Tetra Bio-Pharma Inc.
Dr. Anne-Sophie Courtois, DVM
Vice President, Marketing & Communications
(514) 360-8040 Ext. 210
anne-sophie.courtois@tetrabiopharma.com
- Published in Medical Marijuana, Tetra Bio Pharma
Tetra Bio-Pharma provides update on status of its Phase 3 Clinical Trial Application of Lead Drug Candidate PPP001
Momentum Public Relations
Press Release: December 11, 2017
Tetra Bio-Pharma Inc. (“Tetra” or the “Company”) (TSX VENTURE:TBP)(OTCQB:TBPMF), a global leader in cannabinoid-based drug development, announced today that the Company has accepted the suggestion of Health Canada to change the order of its clinical trial application (CTA) review process. As such, the quality certification for the manufacturing of PPP001 will take place prior to the approval of its clinical trial protocol as Health Canada assesses its partner Aphria’s operations for Good Manufacturing Practices (GMP) for pharmaceutical products. Tetra agrees to this change from Health Canada because it is in the best interest of patients.

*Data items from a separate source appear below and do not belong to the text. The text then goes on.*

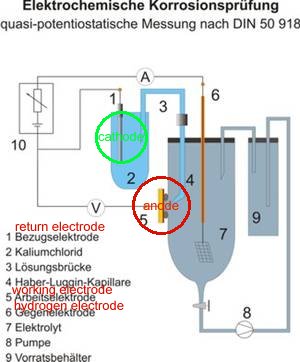This reaction potential is added to the potential of the electrolyte at both contact points. The potential of the electrolyte is due to other 'electrical pressures'. This is similar to the measuring circuits that we encounter in applied cathodic protection.
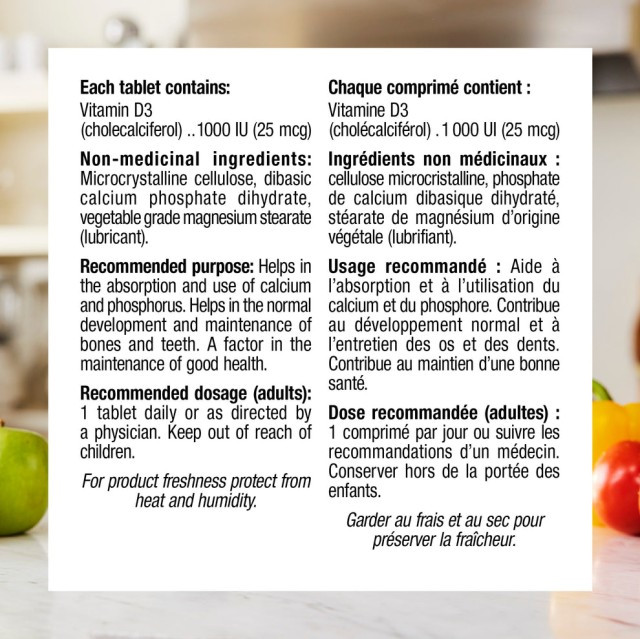 ویتامین آفتاب در یک بطری! ویتامین D مدتهاست که به ساخت استخوانها و دندانهای قوی کمک میکند، اما نقش مهمی در سلامت سیستم ایمنی نیز دارد. ویتامین D که به عنوان ویتامین آفتاب شناخته می شود، در بدن ما از قرار گرفتن در معرض نور خورشید تولید می شود. اما از آنجایی که بسیاری از کانادایی ها نمی توانند تنها از طریق رژیم غذایی یا قرار گرفتن در معرض نور خورشید به سطوح سالم ویتامین D برسند، مصرف مکمل آن بسیار مهم است.
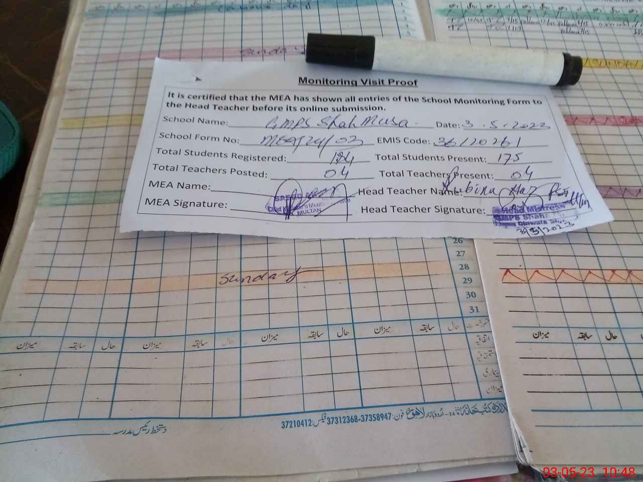 | EMIS Code: 36120261 | Name of School: GMPS SHAH MUSA (IMAM DIN WALA) SHUJABAD | |||
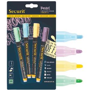 SECURIT - Set di 4 Pennarelli a Gesso Liquido Assortiti Pastello - Punta Fine 1-2mm per Lavagne, Vetro, Metallo e Plastica
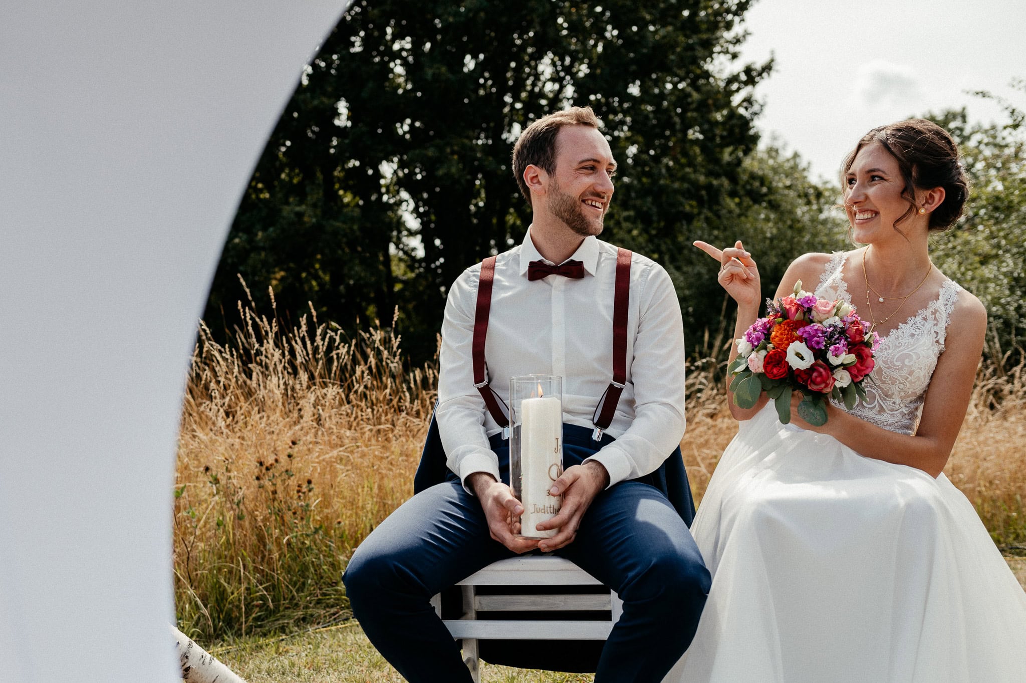 Hey Düsseldorf – Lust auf freie Trauungen an der frischen Luft? Die Beliebtheit von feien Trauungen steigt Jahr für Jahr, was einfach daran liegt, dass jedes Brautpaar individuell entscheiden kann, wie Sie diese gestalten möchten. Ob klassisch mit Trauredner*in oder wie im Fall von Judith und Lukas mit kirchlicher Unterstützung. Es war für uns tatsächlich das erste Mal, dass wir als Hochzeitsfotograf ein Brautpaar bei seiner kirchlichen Trauung unter freiem Himmel begleiten durften. Es war einfach nur wunderschön.
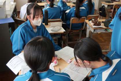 午後の総合的な学習の時間には、班別研修の事業所へのの交通手段、クラス別研修時の注意事項などの最終確認を行っていました。
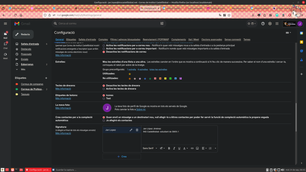 Finally, I created my email signature, including my full name, the institution where I study, the degree, and the academic year, to give my messages a professional appearance.
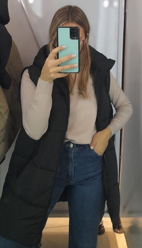 Otra de las prendas tendencia 2022 es el chaleco. En este caso, lo vemos de estilo impermeable en negro junto con unos jeans wide leg clásicos y un sweater beige. Si no te gustan este tipo de chalecos, puedes cambiarlo por uno de eco cuero o sastre que también son ideales para esta temporada.
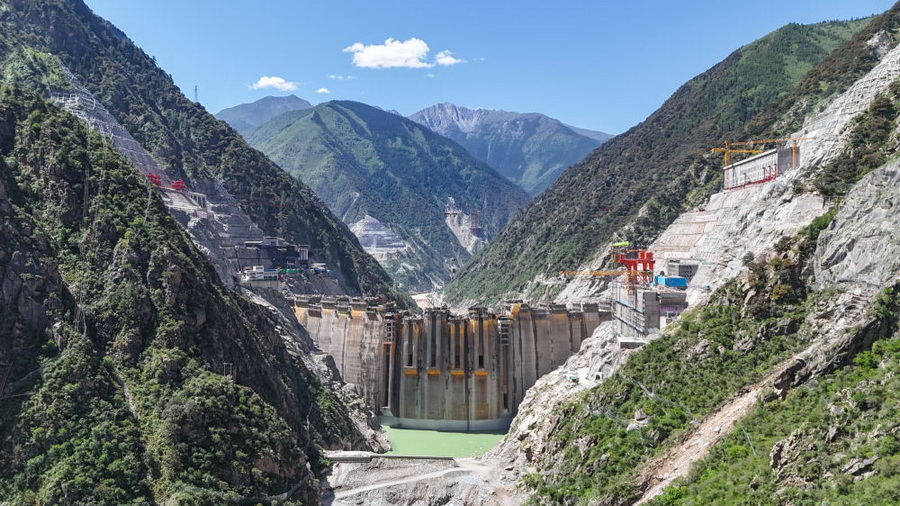 建设中的叶巴滩水电站(2025年6月30日摄,无人机照片)。该水电站地处四川甘孜州白玉县与西藏昌都市贡觉县交界处的金沙江上游。新华社发(陈浩 摄)
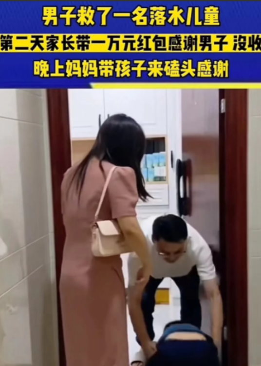 (参考信息来源:贵溪发布——男子救了一名落水儿童,第二天家长带1万红包感谢 男子却没收,晚上妈妈带着孩子来磕头感谢)
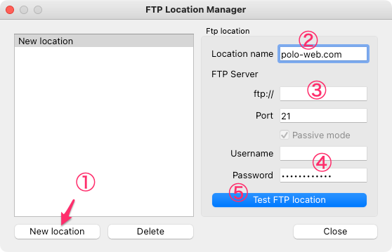 FTPロケーションマネージャーのウィンドウが表示されます。そしてあなたのサイトの有意義な名前(ホスト名ではない)とFTPの詳細を適切な場所に記入します。あなたのホスト名と例えばドメインを記入しなくてはなりません。FTPポートは通常21ポートにありますのですでに記入されているはずです。あなたのウェブサイトが他のポートを使用している場合はそこに記入しなくてはなりません。
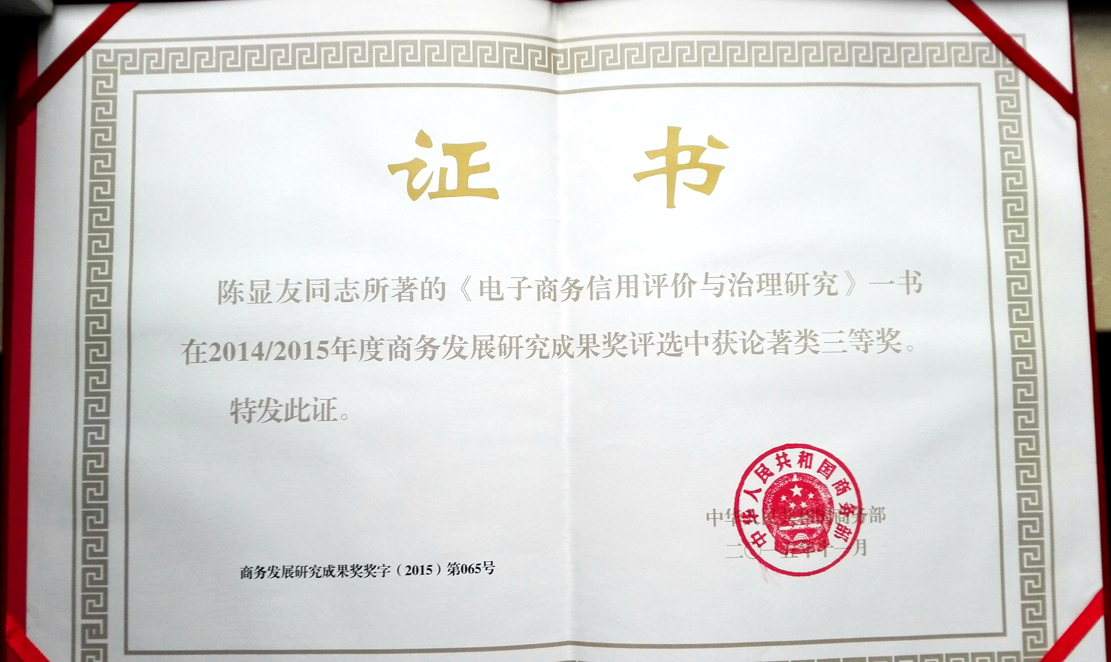 商务部2014-2015年度商务发展研究成果奖三等奖

This change in the usual CTA approval process is expected to potentially extend the review process by 30 days. Tetra continues to expect PPP001 to become the first cannabis-derived inhalation drug to receive a drug identification number (DIN) from Health Canada, as well as pharmaceutical drug status from the FDA. The phase 3 trial should therefore begin in early 2018. The Company expects this change to have only a minor impact on time to market for PPP001.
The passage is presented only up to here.